Filmmakers Seth Rogen and Evan Goldberg deliberately larded their upcoming film
This Is The End with unbelievably graphic content, in expectation of getting an NC-17 rating. Yet even the directors were flabbergasted when their movie was given an R – more proof of how worthless the current movie ratings system is.
According to the
Los Angeles Times,
This Is The End contains multiple sex scenes, including one between a demon sporting an enormous erection and a human being. "As long as it's a demon, you can have an erection?" said Goldberg in astonishment. Rogen stated that he just assumed the MPAA would tell them to cut out scenes of the demon’s genitals -- but no one at the MPAA said a word. Instead, the film was given an R rating for "crude and sexual content throughout, brief graphic nudity, pervasive language, drug use and some violence."

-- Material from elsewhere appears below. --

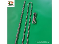 ADSS耐張線夾 預絞式ADSS耐張串 安裝簡單 保質(zhì)保量 中,大張力耐張線夾組成為雙層絞絲結構,耐張內(nèi)絞絲用鍍鋅鋼絲或鋁包鋼絲制成,預絞絲內(nèi)壁粘有一層微粒金剛砂,以增加磨擦力。預絞絲在工廠加工時被預制成四個子束,避免安裝誤差并便于快速安裝。預絞絲的末端朝徑向外側彎曲,以免擠壓損害光纜。耐張外絞絲用鍍鋅鋼絲或鋁包鋼絲制成,預絞絲在工廠加工時被預制成束,并在內(nèi)壁粘有一層牢固的金剛砂,以達到對光纜減少側壓力的條件下增加耐張線夾的握力。 預絞式耐張線夾作用:是將ADSS光纜固定在轉角、耐張、終端桿塔的掛點上,或將OPGW復合光纜固定在承力桿塔的地線支架上。各類耐張金具的破壞荷載就不小于光纜的計算拉斷力值。預絞絲式耐張金具具有應力分布均勻,無應力集中點,有較好的動態(tài)應力承受能力及防腐性能好等優(yōu)點。 組成:內(nèi)絞絲、外絞絲、嵌環(huán)、延長環(huán)、U型掛環(huán)等。 用途:承受全張力、將ADSS光纜連接至終端桿塔、耐張桿塔和光纜接續(xù)桿塔上。 安裝步驟: (1)將外絲安裝標記對準光纜做安裝標記。 (2)將***組內(nèi)絲端頭安裝標記對準光纜后纏繞上光纜。 (3)其它幾組內(nèi)絲與**組同樣操作。 (4)將內(nèi)絲全部安裝完。 (5)將外絲安裝標記對準內(nèi)絲安裝標記 。 (6)先纏繞好一條腿。 (7)再纏繞另一條腿。 (8)將外絲端頭纏繞好。 (9)耐張夾具安裝完畢。
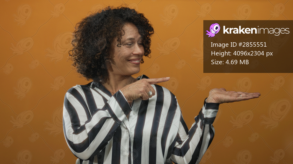 Hispanic middle aged woman facing camera pointing finger to open palm in orange studio; decision confidence.

Like many other Hollywood insiders, Rogen and Goldberg are experts at manipulating the Motion Picture Association of America’s film rating board; but this time, no manipulation was needed. The two filmmakers confessed that their plan was to cram in excessive amounts of explicit content -- and then, when the MPAA rated the film NC-17, to snip out a tiny bit of the content, thus obtaining a lower rating of R. But the MPAA decided the entire film was fine as is. This is a long-standing game the MPAA has played…and the result has been ever-more graphic content receiving ever-lower ratings, with families and children the victims.
Notably, the story -- carried in the
Times’ print edition under the title, “What happened to that NC-17?” -- has been re-titled on the
Times’ website, no doubt in an effort by the
LAT to spare the MPAA embarrassment. But it is past time the media stop covering for the utterly ineffective movie ratings system, and start demanding wholesale reform. In response to the news that his movie received an R, even Goldberg himself said, "The whole ratings system in America doesn't make any sense. They let you get away with sex and with violence…but this is ludicrous." What does it say about the MPAA, when even a film INTENDED to be rated NC-17 isn't?